I asked if they had any questions for me. Ms. Future Slow Talker raised her hand.
“So if you are a computer engineer, does that mean you make Kinetic Sculptures?”.
It’s a good thing internal dialog is internal, because at this point, I was completely thinking WTF. This girl is five or six max. She’s asking me about kinetic sculptures – something most adults haven’t a clue about, and something, I frankly don’t know much about either. In my mind, I had already hired her. Because, in her, I saw the future of women in technology, in STEM and I knew everything was going to be ok. Part of me wanted to pick her up and bear hug the absolute crap out of her, but I’m a stranger and she’s a child, and well that’s just weird.
“No, I don’t make Kinetic Sculptures.

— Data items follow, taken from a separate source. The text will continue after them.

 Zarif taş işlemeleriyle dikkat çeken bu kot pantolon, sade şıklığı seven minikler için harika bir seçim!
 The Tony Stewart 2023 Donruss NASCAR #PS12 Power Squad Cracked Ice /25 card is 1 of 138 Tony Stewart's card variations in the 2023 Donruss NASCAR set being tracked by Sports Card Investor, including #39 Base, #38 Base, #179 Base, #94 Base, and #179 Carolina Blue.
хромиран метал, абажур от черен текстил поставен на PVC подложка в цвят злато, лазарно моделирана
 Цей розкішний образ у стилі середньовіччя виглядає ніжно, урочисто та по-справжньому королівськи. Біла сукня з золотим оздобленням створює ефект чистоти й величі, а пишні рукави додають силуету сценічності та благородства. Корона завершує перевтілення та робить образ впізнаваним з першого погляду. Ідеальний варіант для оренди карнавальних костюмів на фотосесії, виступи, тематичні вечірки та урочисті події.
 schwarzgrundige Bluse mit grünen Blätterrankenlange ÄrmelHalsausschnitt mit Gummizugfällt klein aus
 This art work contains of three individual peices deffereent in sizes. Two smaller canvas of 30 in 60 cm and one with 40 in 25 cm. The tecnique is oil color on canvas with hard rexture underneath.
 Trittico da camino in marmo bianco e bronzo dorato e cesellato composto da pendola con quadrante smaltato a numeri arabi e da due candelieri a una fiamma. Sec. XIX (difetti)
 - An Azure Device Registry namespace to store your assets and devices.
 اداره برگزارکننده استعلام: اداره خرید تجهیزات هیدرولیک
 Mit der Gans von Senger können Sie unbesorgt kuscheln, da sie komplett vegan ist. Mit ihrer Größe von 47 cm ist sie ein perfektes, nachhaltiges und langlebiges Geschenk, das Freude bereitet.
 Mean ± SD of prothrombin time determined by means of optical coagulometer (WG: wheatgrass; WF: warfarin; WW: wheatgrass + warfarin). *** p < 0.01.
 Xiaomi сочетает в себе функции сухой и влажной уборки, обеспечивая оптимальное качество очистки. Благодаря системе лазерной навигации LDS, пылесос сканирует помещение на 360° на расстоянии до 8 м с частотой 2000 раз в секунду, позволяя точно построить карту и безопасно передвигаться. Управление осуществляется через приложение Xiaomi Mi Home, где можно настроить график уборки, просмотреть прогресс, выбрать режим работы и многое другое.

But they sure are cool right? “. Only response I could muster out. I was still taken aback. The roles had reversed had reversed here and I wasn’t prepared to be an understudy for a 5 year old again.
We went off to play a game we had devised to teach programming. Let’s face it, you’re not really going to teach the average five year old much about coding, but we had some fun with some ideas like order of execution, patterns, and process. Each girl picked a sheet of paper and it had a set of instructions like “ jump”, “swirl”, “kick” and a few of the cards were more like a programming structure with “if”, “then”, “and”. We went down the line and did our appropriate instructions, waiting for the previous person to finish before we started. The girls that had the bad fortune of picking the “if”, “and” types of cards were shortly bored, so I gave them alternative actions to do. “IF” meant you did a big old karate chop and yelled. “And” was a polite curtsey. And so this continued until the promise of cake was delivered upon and again, small cliques formed, and shrunk and grew amongst the girls.
At the end, they did a circle of friendship bit where everyone held hands in a circle. The girl with the miscounted jumping jacks held out and shook her arm furiously to signal that I should be her friend, that I should join her side. I did. We stood in a circle and they sang a song of friendship. At the end, they sent a squeeze that would travel from hand to hand – get the squeeze from your left, then pass it on by squeezing the hand you were holding in your right. You could watch the squeeze make its way around the circle, the pulse identifiable by a giggle when it was received.
I left that day different. I know that those girls won’t always have that innocence. That their curiousity might wane, and with it their lust for life. And I know there will come a time when they will offer less information instead of more, or when everything will just have so much more weight. But they reminded me, for that one hour on a Saturday morning, how I had all that once too. It was a reminder of how I used to stomp around as a 5 year old and not care what anyone thought, tirelessly making things that didn’t work, and a few that did. A recollection of a time where more of it was spent actually being awesome rather than thinking about it or worse, hoping for its arrival.
I’m not about to do 120 jumping jacks and count ( or miscount ) them out at the top of my lungs. But thanks to that little squeeze, I might be a bit more likely to celebrate the small successes like they were large ones. And who doesn’t need a little more of that?